C’est toute une machinerie idéologique néo-réactionnaire qui se met en place, farcie de pseudo-concepts sans contenu, prénotions sans lendemain, fausses citations et vrais préjugés et assaisonnée de vocables censés effrayer des foules que l’on escompte crédules : indigénisme, racialisme, communautarisme, séparatisme, cancel-culture, wokisme, islamo-gauchisme… Des intellectuels comme François Dubet ou Elisabeth Roudinesco qu’il sera difficile de faire passer pour d’inquiétants gauchistes dénoncent l’un une « mise en scène maccarthyste visant à désigner les ennemis de l’intérieur » (le Monde, 12.01 2022), l’autre une « guerre à l’intelligence » (le Monde, 21.01.2022). Nul doute qu’ils vont être bientôt relégués dans la catégorie déshonorante des « idiots utiles » du terrorisme islamiste…

ACRIMED démonte les rouages de ce qu’il définit comme une « cabale médiatique bien rodée » (02.03.2021). Il apparaît que les vertueux pourfendeurs de l’islamo-gauchisme et de ses horreurs ne sont pas très regardants sur les preuves à apporter de « l’invasion » qu’ils annoncent . Pas la moindre enquête, ni référence ou donnée scientifiques, aucun article dans une revue à comité de lecture, c’est-à-dire un lieu où la validité scientifique d’une étude est certifié par les pairs. Par contre il faut subir une flopée de tribunes, communiqués, éditoriaux, interviews, commentaires se répondant et se recopiant, où les propos de tel un sont sont repris par tel autre comme démonstration définitive de la « menace », du « danger », de « la montée croissante », de « l’emprise grandissante » d’une « peste » qui « ronge », « gangrène », « infecte nos facs »… Valeurs actuelles reprend le Point qui se réfère à l’Express lequel cite Marianne qui s’en rapporte au Figaro… Sans parler des sites internet et des télévisions d’information continue bas de gamme comme CNews où l’on tourne en rond dans la même bouillie conceptuelle à coup de révélations bidonnées et d’indignations auto-entretenues…
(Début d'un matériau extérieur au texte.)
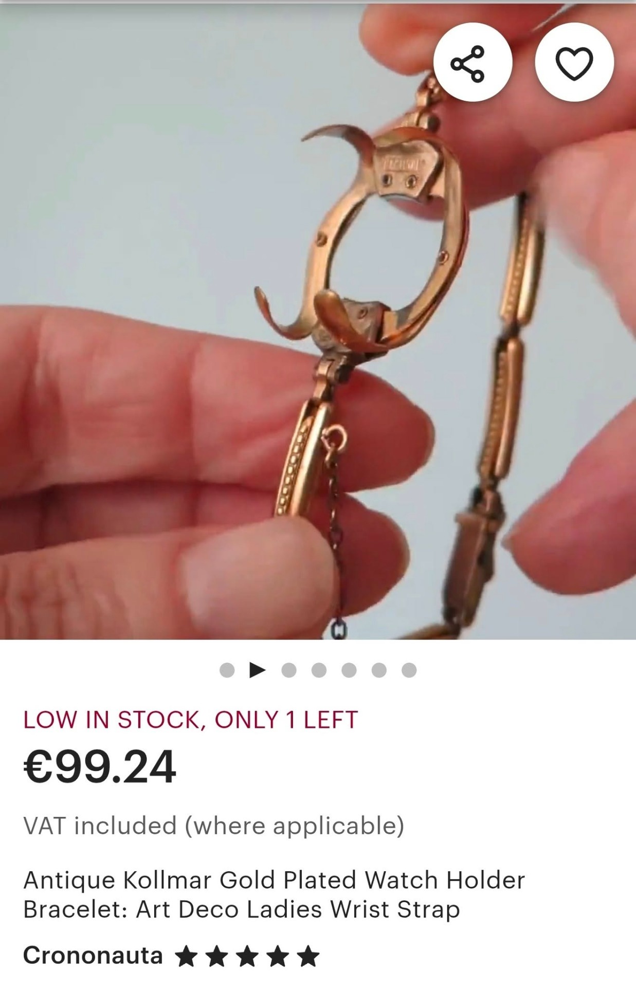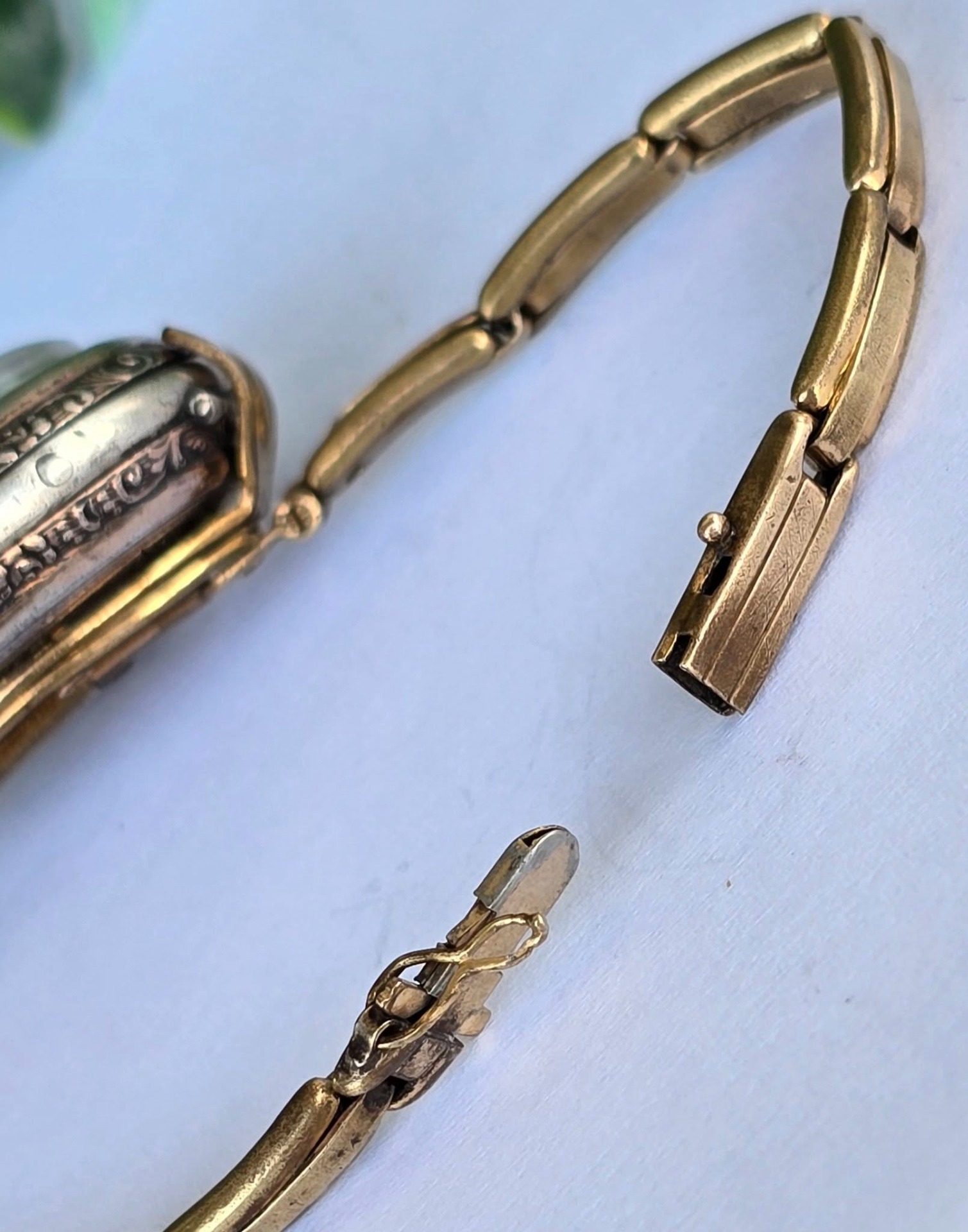 folosită pentru ca ceasul să poată fi purtat la mână, produsă de Kollmar&Jourdan, renumit atelier din Pforzheim (cca 1900-1910, Germania).

C’est l’inévitable Taguieff qui dévoile tout le sens de l’affaire : une croisade contre la « gauche de gauche » qui serait « rageusement anti-occidentale » (on appréciera la finesse et l’objectivité de la part d’un idéologue qui se pique de science). C’est donc bien une machine de guerre visant à la disqualification de la gauche ou du moins de sa composante la plus conséquente avec ses valeurs (antiracisme, internationalisme, défense des opprimés, lutte contre toutes les discriminations…). Jusqu’à l’accusation ignominieuse d’une complicité avec les terroristes ! Taguieff, toujours lui, pseudo politologue mais authentique doctrinaire, s’attaquait déjà, en 2002, à ce qu’il désignait comme une « nouvelle configuration tiers-mondiste néo-communiste et néo-gauchiste » sous le nom de « mouvement anti-mondialisation ». Visiblement donc une nouvelle hydre à combattre. Finkielkraut de son côté feignait de s’alarmer de « l’union de gens issus de l’immigration (donc forcément islamistes, GLS) et d’intellectuels progressistes (appellation désormais honteuse et méprisée, GLS) ». Il s’agissait bien alors d’apeurer à bon compte le quidam moyen.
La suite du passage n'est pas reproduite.